Sunday, 31 December 2017

Read 52 Books in 52 Weeks 2017: The Summary

http://www.read52booksin52weeks.com/
         click on the image to go to the
         challenge on Read 52 Books in 52 Week

In the past twelve months I’ve participated once more in the Read 52 Books in 52 Weeks challenge that Robin of My Two Blessings hosts every year on an extra blog. This time I didn’t follow any specific plan choosing my reads except that some of the books had to be eligible for the rather too big number of other reading challenges for which I signed up (»»» see the January post listing all my 2017 Reading Challenges & Specials and linking to the respective lists). One of the challenges is a perpetual one that still continues, two started already in 2016 and therefore ended the last days of January and August respectively, and the remaining five finish today, on 31 December 2017, although I completed my reviews for most of them weeks ago and I already posted the summaries.
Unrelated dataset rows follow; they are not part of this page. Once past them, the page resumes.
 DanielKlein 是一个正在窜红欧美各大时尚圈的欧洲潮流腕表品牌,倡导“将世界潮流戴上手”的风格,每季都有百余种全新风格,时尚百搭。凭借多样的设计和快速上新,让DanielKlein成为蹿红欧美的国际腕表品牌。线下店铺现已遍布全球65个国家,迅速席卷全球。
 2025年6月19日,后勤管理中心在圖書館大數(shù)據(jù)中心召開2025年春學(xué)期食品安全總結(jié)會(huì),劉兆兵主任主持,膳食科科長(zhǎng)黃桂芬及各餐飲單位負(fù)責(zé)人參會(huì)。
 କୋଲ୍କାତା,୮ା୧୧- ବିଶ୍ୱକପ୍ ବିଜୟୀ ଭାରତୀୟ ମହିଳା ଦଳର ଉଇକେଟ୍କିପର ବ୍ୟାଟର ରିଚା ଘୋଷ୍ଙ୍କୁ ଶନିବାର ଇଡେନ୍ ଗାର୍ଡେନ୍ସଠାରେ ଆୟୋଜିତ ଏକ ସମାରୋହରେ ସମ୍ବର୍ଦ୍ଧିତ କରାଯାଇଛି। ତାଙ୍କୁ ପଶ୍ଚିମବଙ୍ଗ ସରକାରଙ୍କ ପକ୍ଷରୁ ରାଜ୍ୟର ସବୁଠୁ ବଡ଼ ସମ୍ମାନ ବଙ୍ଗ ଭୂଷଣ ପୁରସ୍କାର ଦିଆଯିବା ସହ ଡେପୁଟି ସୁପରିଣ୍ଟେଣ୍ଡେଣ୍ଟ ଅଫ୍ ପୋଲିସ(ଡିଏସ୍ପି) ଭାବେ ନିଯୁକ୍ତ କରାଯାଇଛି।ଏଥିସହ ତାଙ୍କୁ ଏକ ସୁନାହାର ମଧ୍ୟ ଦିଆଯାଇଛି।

On Twelfth Night 2017 I started out on a long literary journey with the Angel of Oblivion by Maja Haderlap that ended in Boredom by Alberto Moravia just two days before New Year 2018. As a matter of fact, this year’s turned out to be an unusually “wet” and artistic tour of the world.
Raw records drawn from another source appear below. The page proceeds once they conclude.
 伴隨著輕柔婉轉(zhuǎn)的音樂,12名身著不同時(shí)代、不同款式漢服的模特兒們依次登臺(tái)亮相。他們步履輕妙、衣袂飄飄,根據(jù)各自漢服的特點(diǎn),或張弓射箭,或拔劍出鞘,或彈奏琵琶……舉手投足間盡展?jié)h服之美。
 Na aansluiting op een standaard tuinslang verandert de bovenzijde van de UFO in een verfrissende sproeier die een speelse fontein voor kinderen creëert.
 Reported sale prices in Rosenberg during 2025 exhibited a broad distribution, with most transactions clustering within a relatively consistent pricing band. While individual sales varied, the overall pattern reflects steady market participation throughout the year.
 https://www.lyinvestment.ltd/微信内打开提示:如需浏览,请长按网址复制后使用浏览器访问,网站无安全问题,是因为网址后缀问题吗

I travelled on The River with No Bridge by Sué Sumii, assisted A Meeting by the River by Christopher Isherwood, stayed at A Bend in the River by V. S. Naipaul, floated down The River Ki by Ariyoshi Sawako, and found the Woman on the Other Shore by Kakuta Mitsuyo. And as if this weren’t already enough water, there were also Água Viva by Clarice Lispector and Like Water for Chocolate by Laura Esquivel. I read several novels surrounding important places and buildings, most obviously Vienna by Eva Menasse, Berlin Alexanderplatz by Alfred Döblin, The Walnut Mansion by Miljenko Jergović, and We Have Always Lived in the Castle by Shirley Jackson.

Along the way I met a couple of painters. There were famous ones among them: Gustav Klimt in The Painted Kiss by Elizabeth Hickey, the Old Masters by Thomas Bernhard, Artemisia by Anna Banti, Frieda Kahlo in A Love Letter from a Stray Moon by Jay Griffiths, Francisco de Goya in This is the Hour by Lion Feuchtwanger and Vincent Van Gogh in Lust for Life by Irving Stone. And some fictitious painters crossed my way. One did The Flanders Panel by Arturo Pérez-Reverte and An Artist of the Floating World by Kazuo Ishiguro could have known The Dragon Painter by Mary McNeil Fenollosa. My final read of this year intimately acquainted me with a painter who suffered from terrible Boredom by Alberto Moravia.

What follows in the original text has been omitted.